Protein Synthesis

PROTEIN SYNTHESIS NOTES

01 OVERVIEW

• Video Preview: Discussion of the protein synthesis process to be explored in detail.

02 OVERVIEW: THE FLOW OF GENETIC INFORMATION

DNA Characteristics:

• Sugar: Deoxyribose

• Structure: Double helix

• Location: Stays in the nucleus

• Nucleotide Bases: Adenine (A), Thymine (T), Cytosine (C), Guanine (G)

RNA Characteristics:

• Sugar: Ribose

• Structure: Single stranded

• Location: Can leave the nucleus

• Nucleotide Bases: Adenine (A), Uracil (U), Cytosine (C), Guanine (G)

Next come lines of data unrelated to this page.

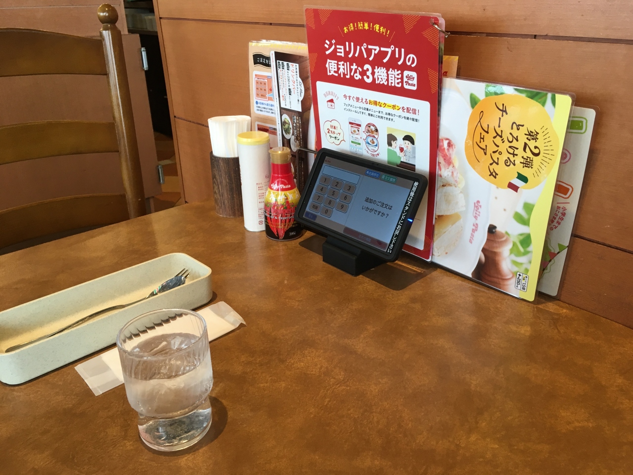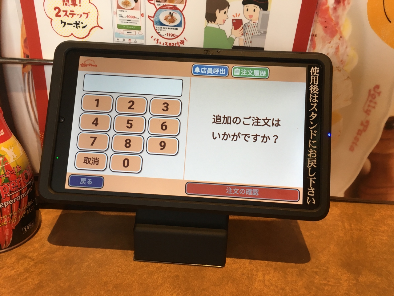 テーブルの上に、小さなタブレットが置いてあって、メニューを見ながら、タブレットで注文しました。
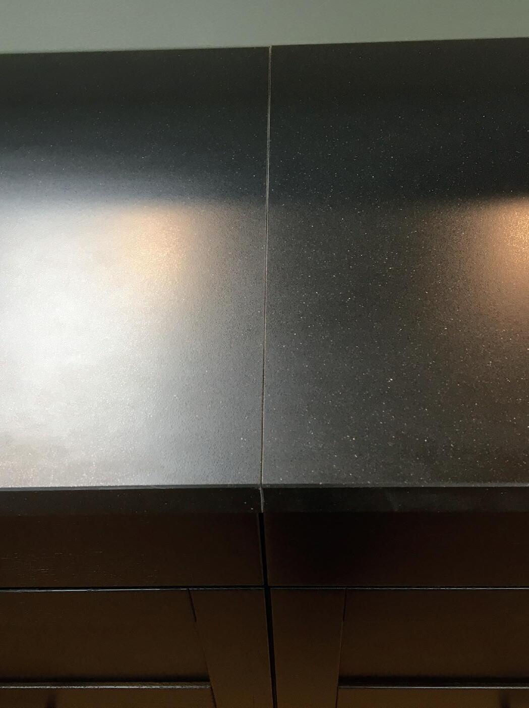 Ved gentagen eksponering for vand, især i områder ved køkkenvask, kan vand trænge ind i overfladen af kvartsit. Dette kan forårsage mørkning af materialet i disse områder over tid. Dette samme gælder ved daglidagsbrug.
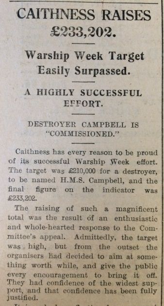 Last week Caithness had celebrated Warship Week, a series of events across the county to raise funds for a new destroyer to be named after the late Major Jock Campbell of Thurso. Now the John O’Groat Journal reported, “Caithness has every reason to be proud of its successful Warship Week effort. The target was £210,000 for a destroyer, to be named H.M.S. Campbell, and the final figure on the indicator was £233,202.” The headline read, “Destroyer Campbell is Commissioned.”
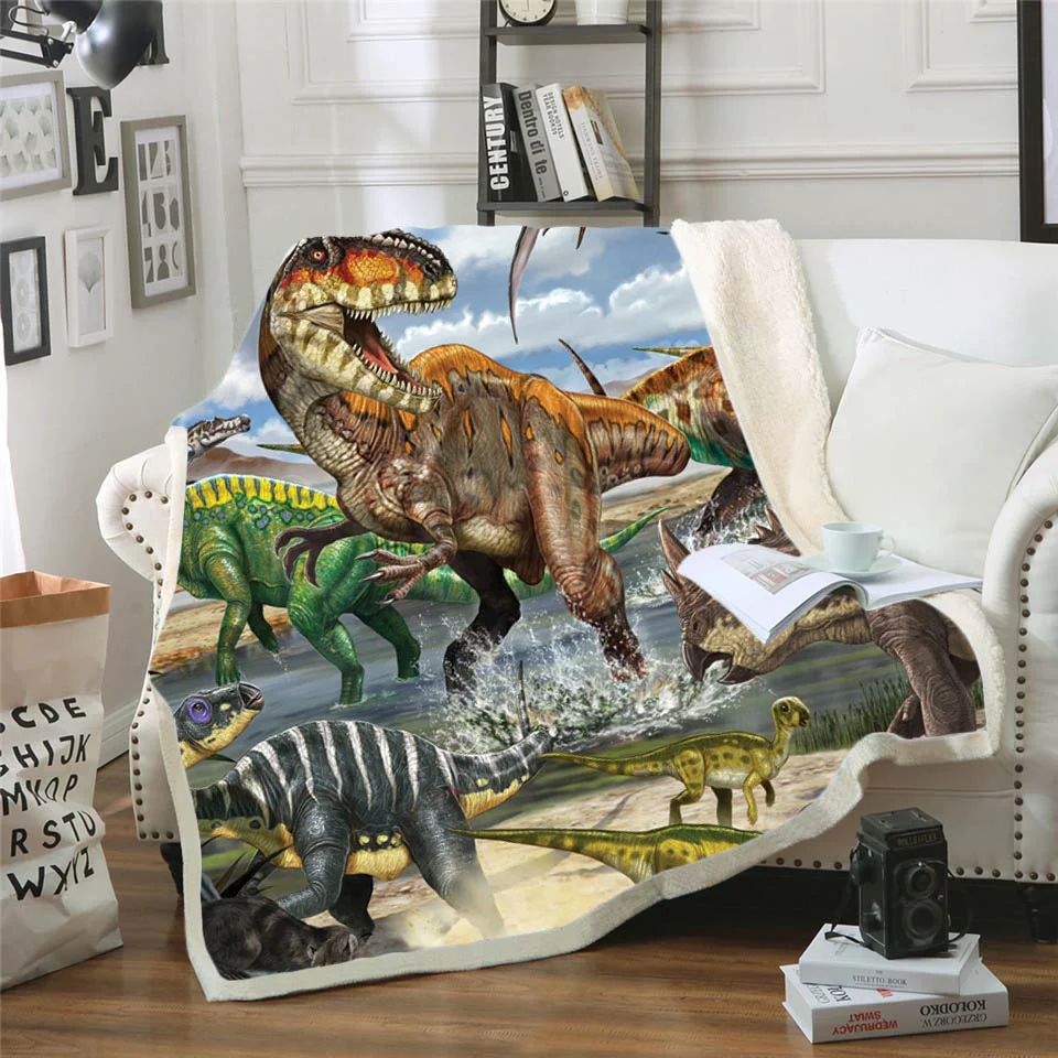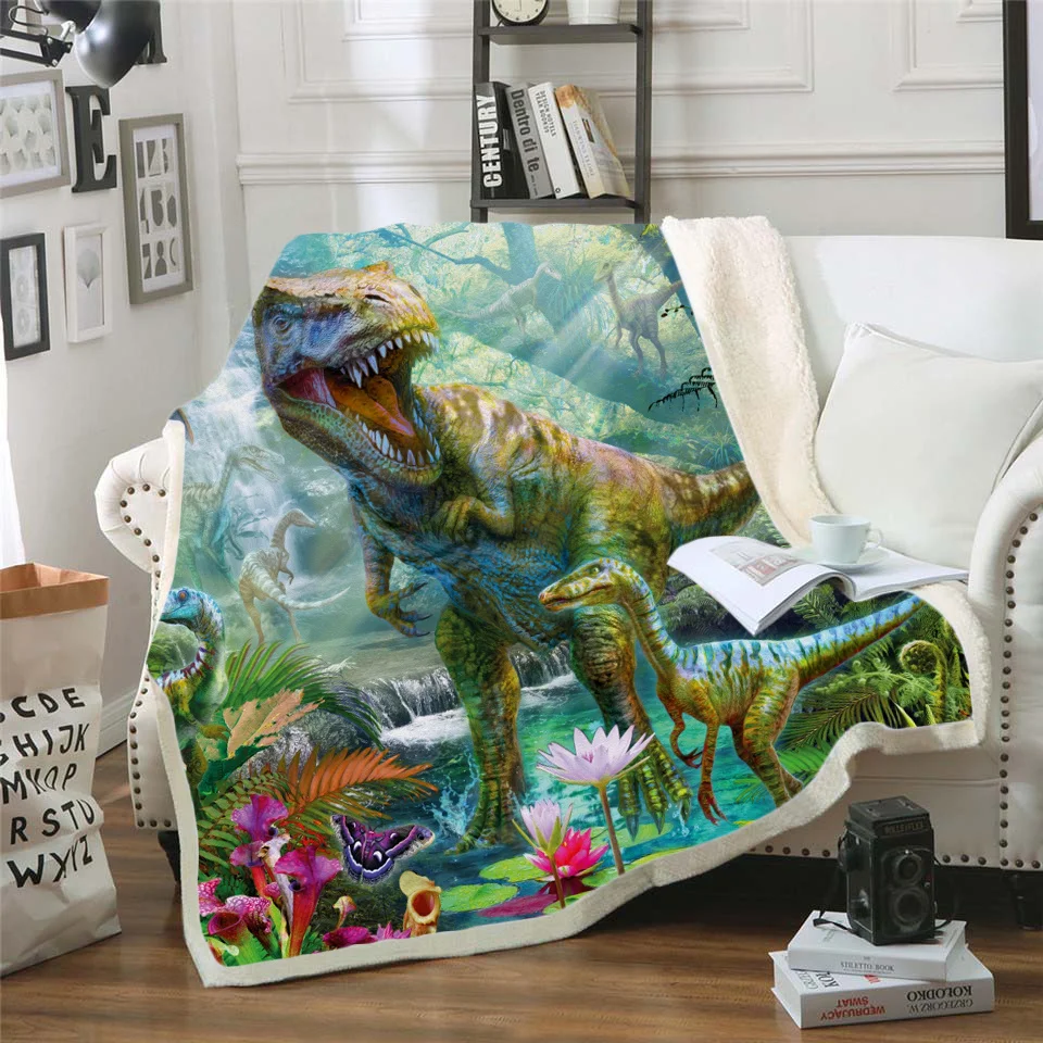 Пледы Одеяло динозавр Юрского периода 3D бархатное плюшевое одеяло ...

• Types of RNA: Messenger RNA (mRNA), Transfer RNA (tRNA), Ribosomal RNA (rRNA)

Key Processes:

1. Transcription:

   • Function: DNA → mRNA

   • Description: DNA provides a template for synthesis of a complementary RNA strand.

2. Translation:

   • Function: mRNA → Protein

   • Description: Information in mRNA's nucleotide order is used to determine the amino acid sequence of a polypeptide. Occurs at ribosomes.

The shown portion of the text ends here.